American record label

We Are Hear is a Los Angeles based record label, music publisher, and artist management company founded by producers Linda Perry and Kerry Brown.

==Partnerships==

We Are Hear has collaborated with artist Kii Arens on several occasions, including hosting his and actor Val Kilmer's exhibit at their headquarters in Studio City, and co-producing a mural on the outside of the Roxy Theatre on the Sunset Strip with Arens and street artist Shepard Fairey.

In 2018, independent music publisher Peermusic announced a joint venture with We Are Hear alongside signing Perry to a global publishing deal.

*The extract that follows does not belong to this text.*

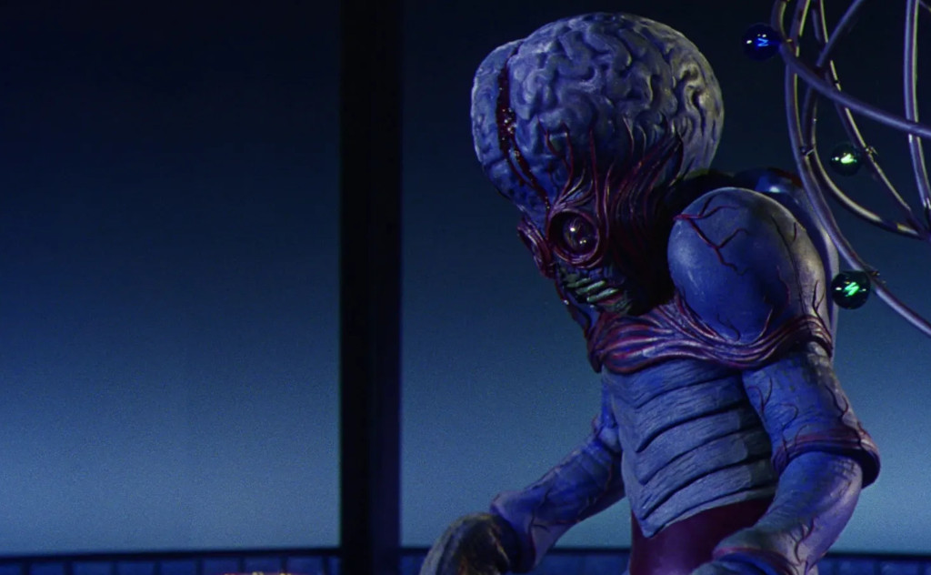 The most lasting legacy of the film is probably the mutant, which just shows what shrewd businessmen the people at Universal were. There’s some confusion about whether the mutants were written into the first script draft, or if Universal stuck them in because they wanted a monster, but however it happened, this is one of the weaker designs from the studio, considering their last creation had been the creature from the black lagoon. The big-brained mutant’s design partly drew on unused sketches from the alien of It Came from Outer Space, and there seems to have been something of a design battle going on, between whether it would look like it had simply been distorted by Metaluna’s great atmospheric pressure, or if it should look more insect-like. In the end they went for a mashup of the two ideas, giving the creature an enormous brain, but pincers for arms, bug-eyes and a torso and arms resembling the exoskeleton of a bug. The legs were meant to have the same design, but to save time and money, the makeup team, led once again by Bud Westmore, decided to simply give it pants.

We Are Hear collaborated with Los Angeles alternative rock radio station KROQ's Kat Corbett to release KROQ Locals Only Vinyl Volume 1, a collection highlighting local music. The records were pressed at a record plant owned by the company in Frogtown.

==Events==

In 2018, We Are Hear handled music direction for the One Love Malibu festival, a benefit concert which raised relief funds for damage caused by the Woolsey Fire. Performers included Katy Perry, Gwen Stefani, Macy Gray, Chris Martin, Robin Thicke, Natasha Bedingfield, Brandi Carlile, Chad Smith of Red Hot Chili Peppers, Taylor Hawkins of Foo Fighters, Angel Haze, Dorothy, Rita Wilson, Joe Walsh, Brandon Boyd, Mike Einziger and Ben Kenney of Incubus, Best Coast, comedian Whitney Cummings, Nick Valensi of The Strokes, Rick Springfield, Pete Molinari, Kii Arens, Adam Bravin and Cisco Adler. The event raised $1 million, and all proceeds went to the Malibu Foundation and One Love Malibu.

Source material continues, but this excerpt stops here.